BELOW DECK
On Frank Gehry’s yacht, Foggy
This week, we’re moving from land to sea with a look at Foggy, a yacht designed by none other than Frank Gehry. It’s not unheard of for an architect to design a yacht — Philippe Starck designed Venus for Steve Jobs, John Pawson designed himself a racing yacht, and Norm Architects did work for Y7 and Y9 — but it’s even rarer for an architect to design one of their own.
Gehry wasn’t a stranger to sailing. He’d belonged to the California Yacht Club out of Marina del Rey, and spent years sailing and racing his Beneteau (also called Foggy). The Guggenheim Museum Bilbao, and the Walt Disney Concert Hall were designed to evoke the sense of wind and sails in their form.

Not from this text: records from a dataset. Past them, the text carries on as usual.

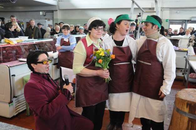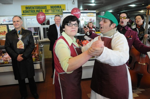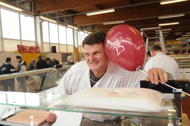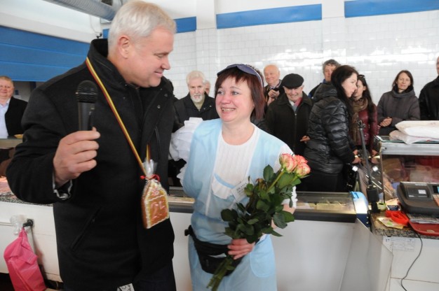 Žuvų salėje prekeivė Jolanta Gražulytė, čia dirbanti 15 metų, šventė šeštadienį savo 45 gimtadienį. Kai sulaukė gėlių ir iš mero rankų ir jo bučinio į skruostą, moteris net apsiverkė. Buvo pagerbta ir jos kolegė Virginija Antužienė, šiame turguje prekiaujanti nuo 1993 metų. Gaila buvo jaunos mamos su vežimėliu atskubėjusios nusipirkti žuvyčių ir patekusios š tokį bruzdesį. Bet piktų nei pirkėjų, nei pardavėjų nebuvo.
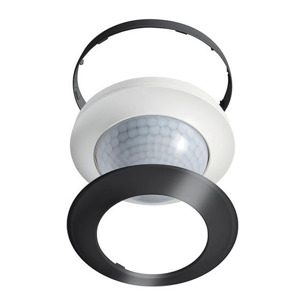 Abdeck-Set in schwarz bestehend aus Abdeckblende und Designring für viele Decken-Bewegungsmelder der Serie COMPACT und Decken-Präsenzmelder der Serie COMPACT.
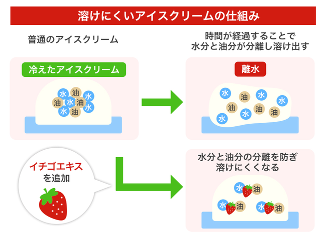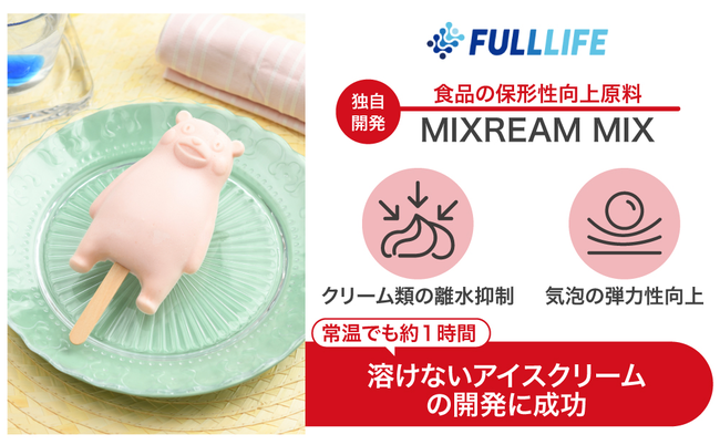 FULLLIFE株式会社の提供するMIXREAM MIXには、主に2つの機能があります。一つ目はアイスクリームや生クリームなどクリーム類の離水を抑制して溶けにくくする機能です。二つ目は、気泡の弾力性を向上させて崩れにくくする機能です。つまり、この原料により溶けにくいアイスクリームが作れるのです。
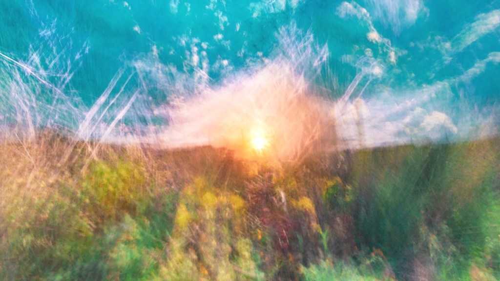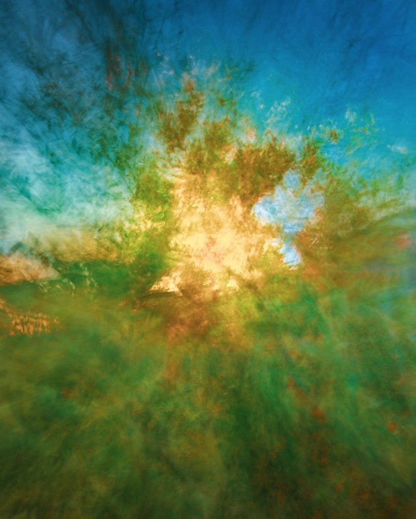 Organic Sun almost entirely dissolved into the landscape. There is no clear disk or core: the golden light spreads like a broad band across the image horizontally, merging with bushes and branches. At the bottom, a dense mass of greens dominates; in the center, the gold intertwines with the vegetation, creating small sparks and filaments of light among the leaves; Above, the blue of the sky falls like a soft veil that barely has a boundary with the rest. The solar halo does not end at any specific edge: it has become atmosphere, the “luminous skin” of the entire landscape.
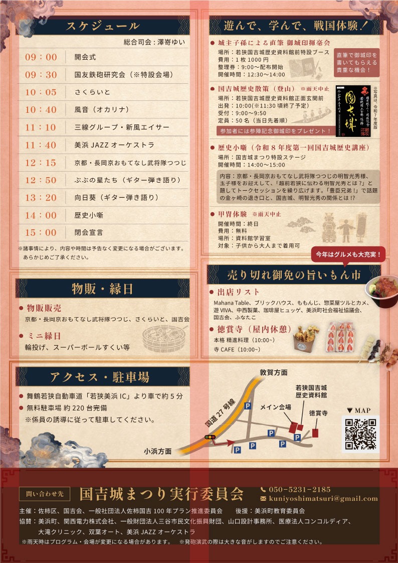 令和8年5月5日(火・祝)に若狭国吉城歴史資料館周辺で「令和8年国吉城まつり」を開催します。信長・秀吉・家康が入場した、難攻不落の城で戦国を体験。大人も子どもも楽しめる戦国イベントです!
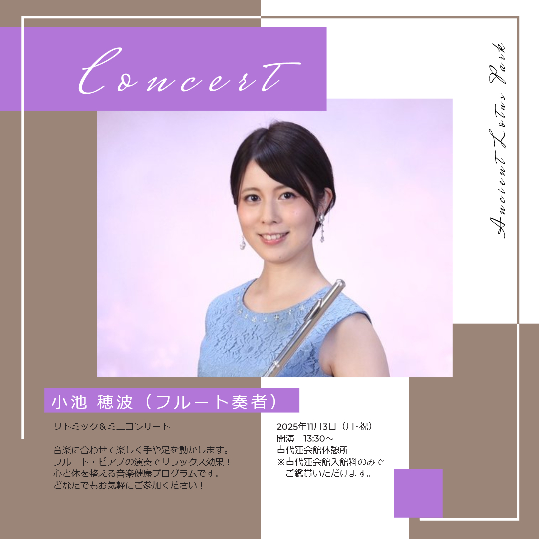 【本日のコンサート】 出演:小池穂波さん(フルート) 開演 13:30~ 場所 古代蓮会館休憩所 リトミック&ミニコンサート 音楽に合わせて楽しく手や足を動かし、フルートの音色でリラックス効果! 心と体と整える音楽健康プログラムです。 ぜひお越しください。 ikiiki-zaidan.or.jp/kodaihasu/even… #古代蓮の里 pic.x.com/lBHwdMDWzV

It makes sense then that one of his most personal reflections would be on the water. It was something he’d thought about for years. “I never had the resources before,” he said. “And once I did I was busy doing my buildings.” He finally designed Foggy in 2018.
Over the last few decades, yacht design went mass market. Enthusiasts wanted a life of luxury on the water without sacrificing performance, and it led to a surge of yachts that feel more like condos than boats.
There’s a disconnect when you go below on a Beneteau. It’s comfortable, but the interior isn’t designed to move with the boat. You lose a sense of where you are. The boat’s in motion, but your living room is indistinguishable from your living room at home.
Racing yachts are good at the opposite. You strip enough out that you’re fully aware you’re in a high-performance shell, but they’re not somewhere you’d want to spend time. They’re designed for performance, not inhabitation. “The boat has to work.” On a boat, everything is a tradeoff.
Most boats either remove you from the experience or overwhelm you with it. In doing so, they make the ocean feel smaller, more controlled than it actually is.
Like Gehry’s larger projects, stepping inside Foggy feels more like being inside a sculpted instrument, closer to a violin or cello than a yacht. The most striking part of the design is the lattice-work portholes and skylights, which cast light and shadows across the interior in fragmented, shifting patterns. I’m reminded of Ji Cheng’s idea of “borrowed scenery,” that framing a view makes you more aware of where you are, though Gehry’s framing is less about stable presence and more about controlled disorientation.
You feel it even in the colors and materials. A psychedelic carpet by Joyce Shin, Gehry’s daughter-in-law, pushes against the usual neutrality of boat interiors that try to smooth over movement, instead introducing variation and texture that keeps you aware of the space around you. Gehry even pushed against carbon fiber in favor of wood — heavier, less efficient, but closer to how a boat should feel. It moves away from the traditional open plan that merges the saloon, galley, and living spaces into one continuous room. In its place are corridors and passageways, a sequence of spaces that you move through, rather than settle into.
To be down below in Gehry’s yacht is to feel the motion of the ocean, the ebb and flow of the horizon, the reflection of light on the water in momentary glimpses. You’re acutely aware of the instrument you’re in, designed to move you through this place.
I fell in love with sailing for the feeling. The way the boat responds in the wind, the way the helm reacts in a gust, the way you feel connected to the water. Foggy makes the ocean feel a little bigger.